Pour finir, une étude récente menée par Inoue et al. [Inoue, 2008] a permis de mettre en évidence dans des structures intégrant des oxydes tels que Fe2O3, NiO ou CoO, la coexistence de commutation bipolaire et unipolaire. Cette caractéristique est qualifiée de comportement "non polaire". Afin d’expliquer la commutation, Inoue et al. ont proposé un modèle basé sur un "robinet" ("faucet") de charges aux interfaces entre l’oxyde et les électrodes. Dans ce modèle, l’oxyde devient localement conducteur du fait de la présence de nombreux filaments formés après l’étape de "forming". Ainsi, le courant total circulant dans l’oxyde pourrait être contrôlé par le robinet situé à l’une au l’autre des interfaces fortement résistives. L’aire du robinet doit être bien plus faible que la surface totale de l’électrode et la résistance dans l’état ON, dans lequel le courant circule depuis un robinet ouvert, est pratiquement indépendant de la surface. Dans l’état OFF, le courant circule de manière homogène à travers l’interface fortement résistive.
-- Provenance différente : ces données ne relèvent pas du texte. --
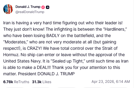 特朗普当天在Truth Social上发文称:“伊朗现在正非常艰难地试图弄清楚谁才是他们的领导人!他们自己都不知道!‘强硬派’在战场上输得一败涂地,‘温和派’其实一点都不温和,但正赢得尊重,双方之间的内斗简直疯狂!”与此同时,特朗普还表示,他正在等待伊朗方面提出一份“统一”的停战方案。
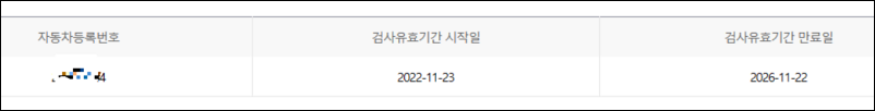 사이버검사소를 이용하여 자동차검사기간 조회 시에는 검사유효기간 시작일과 만료일이 표시됩니다.

Figure B-1-8 : Modèle de "robinets" de charges permettant au courant de s’écouler entre les électrodes supérieure et inférieure et expliquant le phénomène de commutation de résistance [Inoue, 2008].

La différence entre des mécanismes de type filamentaire ou interfacial peut être comprise en considérant l’influence de la surface de la structure MIM sur les caractéristiques de commutation. En effet, dans le cas où la résistance est inversement proportionnelle à la surface, la commutation met en jeu toute la surface. En revanche, si la résistance est indépendante de la surface, la commutation a alors lieu localement au niveau des robinets ouverts.